TASK PROMPT:
Starting with the line that has "Black Suede Lace" in the records below and ending with the line that has "その後ヨーロッパを経由し、1", output those lines exactly and nothing more; omit the pictures.

THE DATA:
----

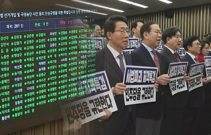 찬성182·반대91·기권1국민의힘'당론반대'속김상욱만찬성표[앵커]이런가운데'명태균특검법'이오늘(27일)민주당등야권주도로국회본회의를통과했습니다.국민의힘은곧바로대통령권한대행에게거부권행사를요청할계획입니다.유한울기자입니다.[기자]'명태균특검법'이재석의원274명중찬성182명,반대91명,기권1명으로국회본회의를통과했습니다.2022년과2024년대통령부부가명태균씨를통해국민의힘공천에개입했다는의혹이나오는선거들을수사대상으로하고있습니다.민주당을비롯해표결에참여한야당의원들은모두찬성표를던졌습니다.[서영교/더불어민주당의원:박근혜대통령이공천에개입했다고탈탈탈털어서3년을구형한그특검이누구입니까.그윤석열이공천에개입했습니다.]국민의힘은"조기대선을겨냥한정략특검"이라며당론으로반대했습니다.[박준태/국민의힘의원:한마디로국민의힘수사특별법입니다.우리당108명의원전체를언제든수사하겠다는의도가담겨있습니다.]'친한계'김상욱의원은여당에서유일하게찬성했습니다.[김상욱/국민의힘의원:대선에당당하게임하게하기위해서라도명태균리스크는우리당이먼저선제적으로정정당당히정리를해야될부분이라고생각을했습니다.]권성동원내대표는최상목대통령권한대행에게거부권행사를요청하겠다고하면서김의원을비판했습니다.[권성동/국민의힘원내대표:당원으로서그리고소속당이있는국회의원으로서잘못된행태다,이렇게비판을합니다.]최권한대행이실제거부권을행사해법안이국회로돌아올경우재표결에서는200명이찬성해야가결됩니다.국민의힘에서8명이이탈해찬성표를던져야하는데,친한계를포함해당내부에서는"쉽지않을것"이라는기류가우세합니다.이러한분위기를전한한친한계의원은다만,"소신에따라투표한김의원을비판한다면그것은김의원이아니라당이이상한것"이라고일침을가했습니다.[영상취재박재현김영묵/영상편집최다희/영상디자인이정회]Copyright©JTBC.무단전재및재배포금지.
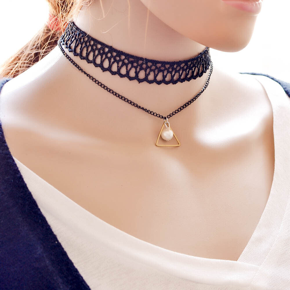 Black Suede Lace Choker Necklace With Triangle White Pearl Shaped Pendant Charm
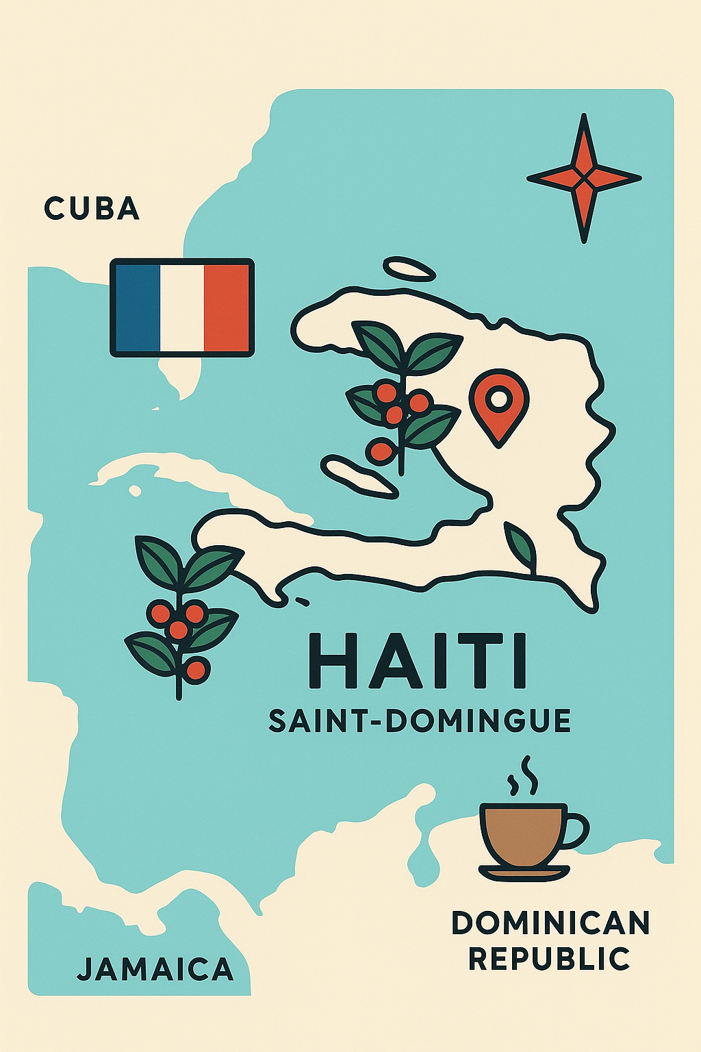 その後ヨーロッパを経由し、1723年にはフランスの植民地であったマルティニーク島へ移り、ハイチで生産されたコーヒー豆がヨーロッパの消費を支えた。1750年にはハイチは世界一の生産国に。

----

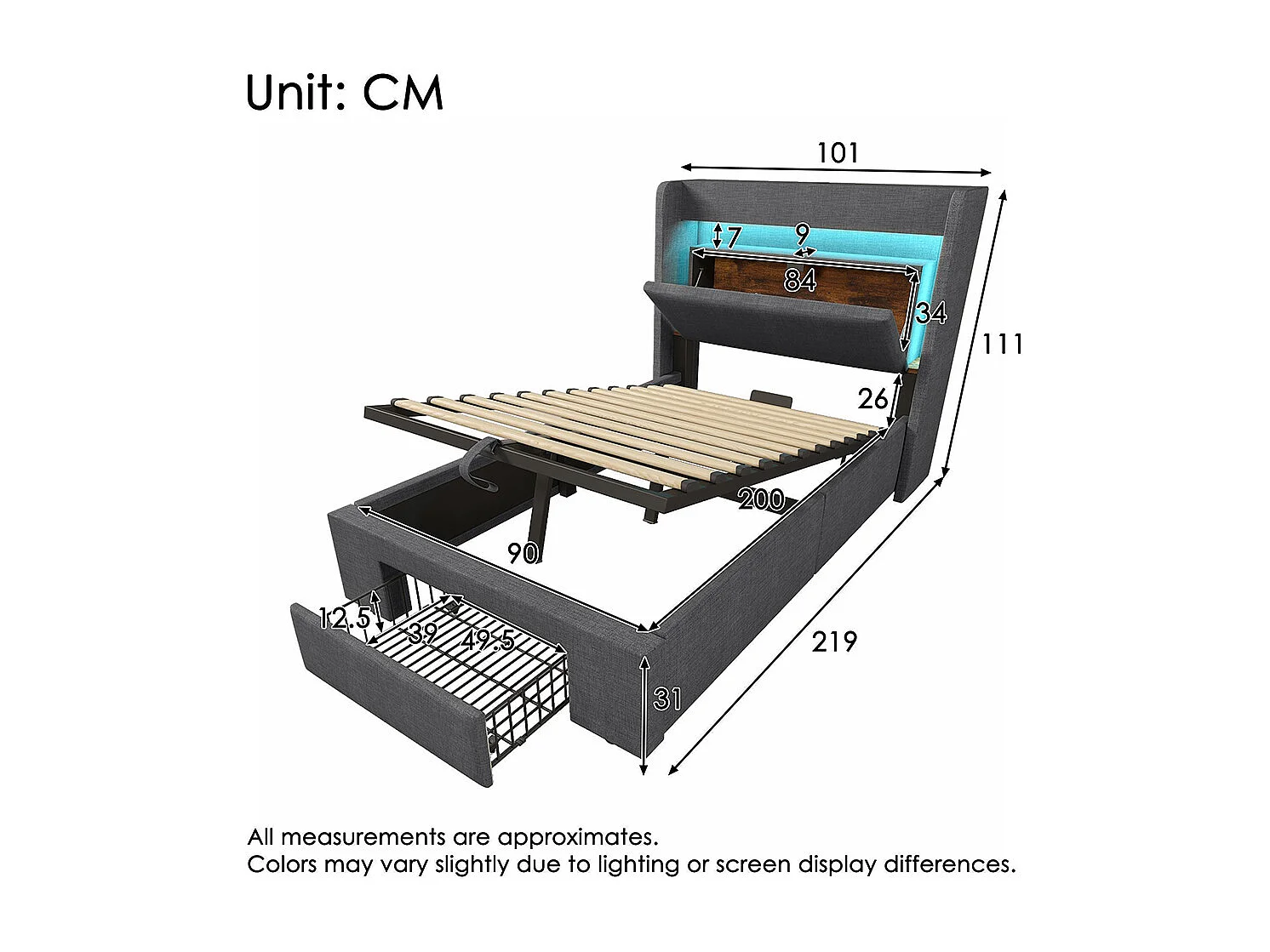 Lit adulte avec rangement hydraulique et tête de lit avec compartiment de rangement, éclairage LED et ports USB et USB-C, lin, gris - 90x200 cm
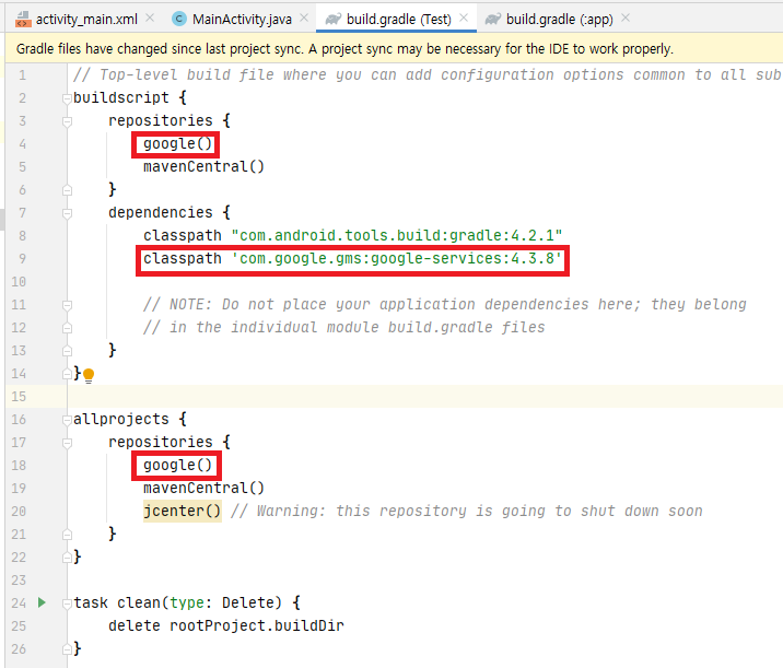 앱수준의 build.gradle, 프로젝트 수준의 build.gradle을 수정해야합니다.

----

COMPLETED EXERCISE:
 Black Suede Lace Choker Necklace With Triangle White Pearl Shaped Pendant Charm
 その後ヨーロッパを経由し、1723年にはフランスの植民地であったマルティニーク島へ移り、ハイチで生産されたコーヒー豆がヨーロッパの消費を支えた。1750年にはハイチは世界一の生産国に。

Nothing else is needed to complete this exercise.